Department of Radiological Sciences, Vascular and Interventional Radiology Unit, Sapienza University of Rome, Rome, Italy.
J Endovasc Ther. 2011 Aug;18(4):503-9. doi: 10.1583/11-3425.1.
To report an initial experience of superficial femoral artery (SFA) recanalization performed with a dual femoral-popliteal approach in the supine patient.
From May 2008 to April 2010, 26 patients (16 men; mean age 68 ± 6.3 years) with intermittent claudication and chronic SFA occlusion (mean length 97.4 ± 3.8 mm, range 35-220) underwent percutaneous recanalization from a retrograde popliteal access. The common femoral artery was punctured with an antegrade (n = 9) or retrograde contralateral (n = 17) approach, then with the patient still supine and the knee gently flexed and medially rotated, the popliteal artery was punctured using an 18-G needle under ultrasound (10, 38.4%) or fluoroscopic (16, 61.5%) guidance with a roadmap technique. Once the SFA was recanalized, the procedure was completed with angioplasty and stenting from the femoral approach. At the end of the procedure, hemostasis at the popliteal access was obtained with manual compression (5-10 minutes).

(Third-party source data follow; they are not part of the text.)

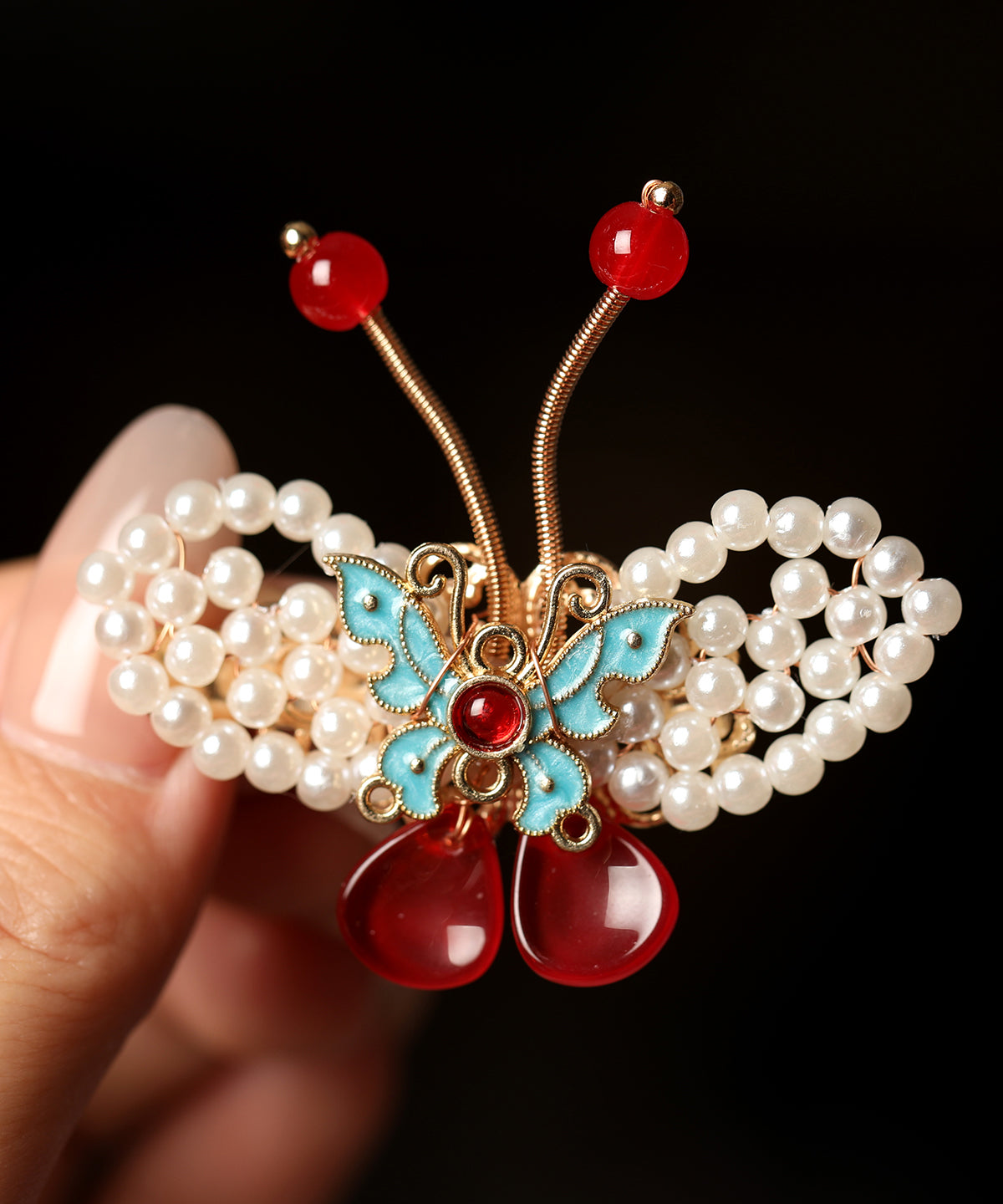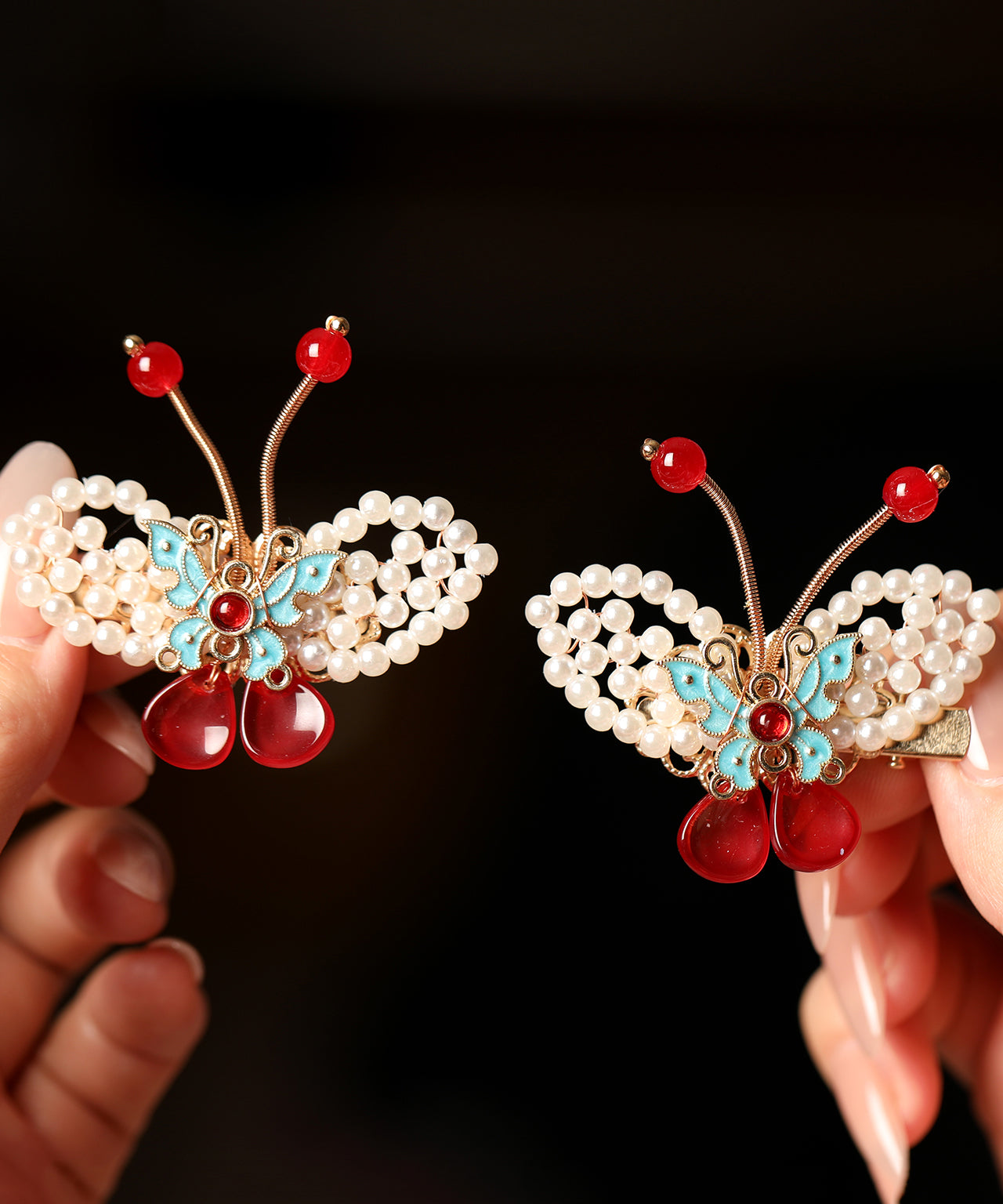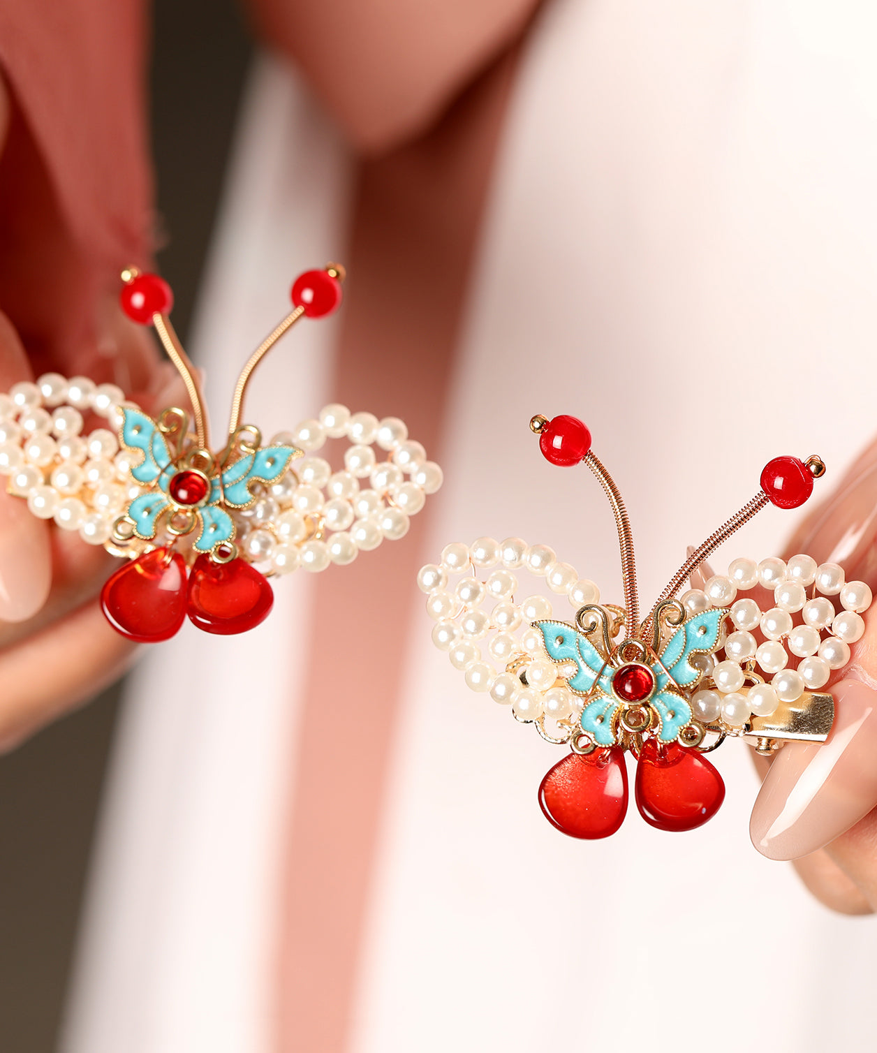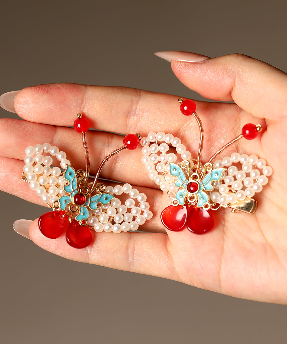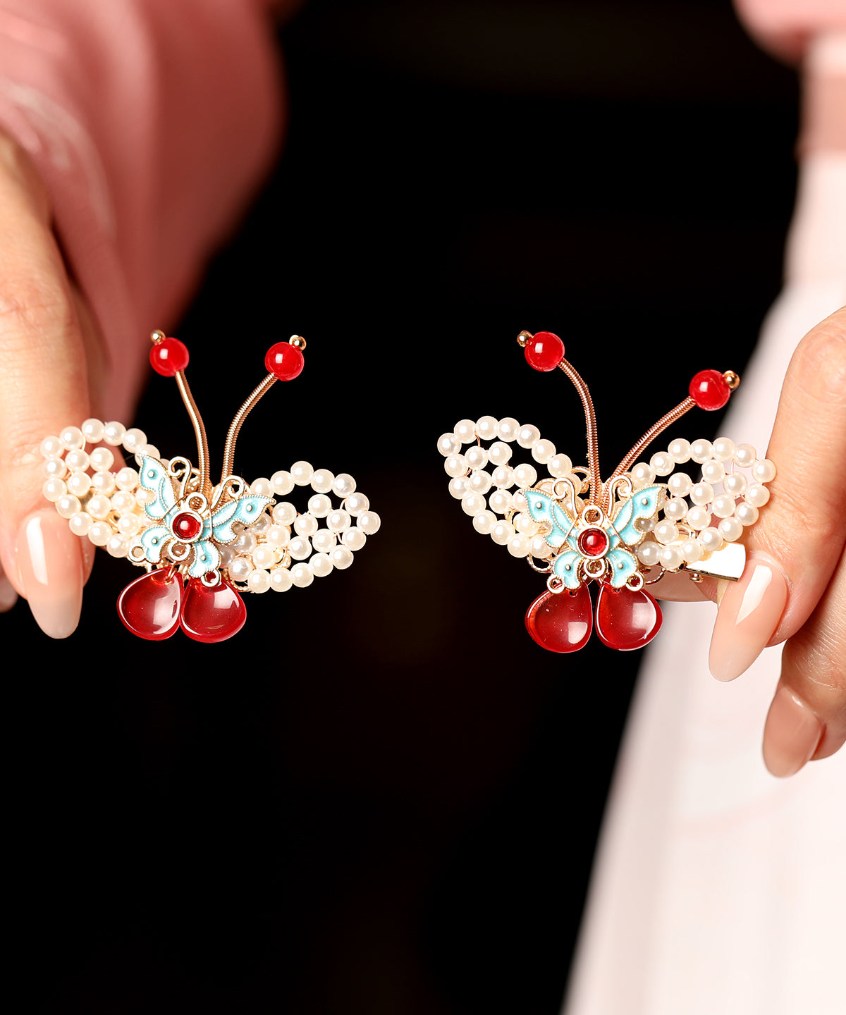 Vintage Red Alloy Pearl Colored Glaze Butterfly Kids A Pair Hairpin
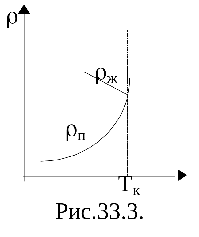 Газ, занимающий весь объем сосуда, является ненасыщенным паром. При сжатии объем его непрерывно растет уменьшается, а плотность растет. После начала конденсации в сосуде имеется и жидкость, и насыщенный пар, который имеет плотность, зависящую только от температуры. Поэтому при изотермическом уменьшении объема, предоставленного пару, он частично конденсируется, но плотность его не изменяется. На рис. 33.3 показана зависимость от температуры плотности жидкости и ее насыщенного пара. При критической температуре обе плотности сравниваются, различие в свойствах жидкости и пара исчезает.
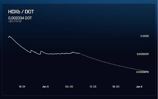 据悉,HydraDX 于昨晚 10:22 开始启动发售第二批 HDXb 债券,目前正在火热进行中。截止发稿时(北京时间1月5日16:35),已发售了 4,467,019 张 HDXb 债券,筹集了 9,201.99 DOT。

Technical success (puncture of the popliteal artery and SFA recanalization) was achieved in all cases. In the majority of patients (24, 91.6%), endoluminal recanalization was possible from the popliteal access; SFA recanalization in the other 2 cases was obtained through the subintimal space. Two small hematomas were found in the popliteal region, but no pseudoaneurysm or arteriovenous fistulas were seen on duplex examinations during a mean 12.5-month follow-up (range 6-28). Twenty (76.9%) SFAs were patent; in-stent restenosis occurred in the remaining 6 (23%). Primary patency was 80.7% at 6 months and 76.9% at 1 year. No stent fracture was observed.
The retrograde popliteal approach with the patient in the supine position can be considered a "first choice" method for safe and effective SFA recanalization, especially in occlusions located at the distal and mid portion SFA.
报告在仰卧位患者中采用双股-腘动脉入路进行股浅动脉(SFA)再通的初步经验。
2008 年 5 月至 2010 年 4 月,26 例间歇性跛行和慢性 SFA 闭塞患者(平均年龄 68±6.3 岁)接受了经逆行腘动脉入路的经皮再通治疗。股总动脉采用顺行(n=9)或逆行对侧(n=17)入路穿刺,然后患者仍仰卧位,膝关节轻轻弯曲并内旋,在超声(10 例,38.4%)或透视(16 例,61.5%)引导下用 18-G 针经皮穿刺腘动脉,采用路标技术。一旦 SFA 再通,从股动脉入路完成血管成形术和支架置入术。手术结束时,经腘动脉入路采用手动压迫(5-10 分钟)止血。
所有病例均成功穿刺腘动脉并再通 SFA(技术成功)。在大多数患者(24 例,91.6%)中,可经腘动脉入路进行腔内再通;另外 2 例 SFA 再通是通过内膜下空间获得的。2 例患者腘动脉区域发现小血肿,但在平均 12.5 个月的随访期间(6-28 个月),在双功能超声检查中未发现假性动脉瘤或动静脉瘘。20 条 SFA(76.9%)通畅;其余 6 条(23%)存在支架内再狭窄。6 个月时初始通畅率为 80.7%,1 年时为 76.9%。未观察到支架断裂。
仰卧位患者逆行腘动脉入路可作为安全有效的 SFA 再通的“首选”方法,特别是在 SFA 远端和中段闭塞时。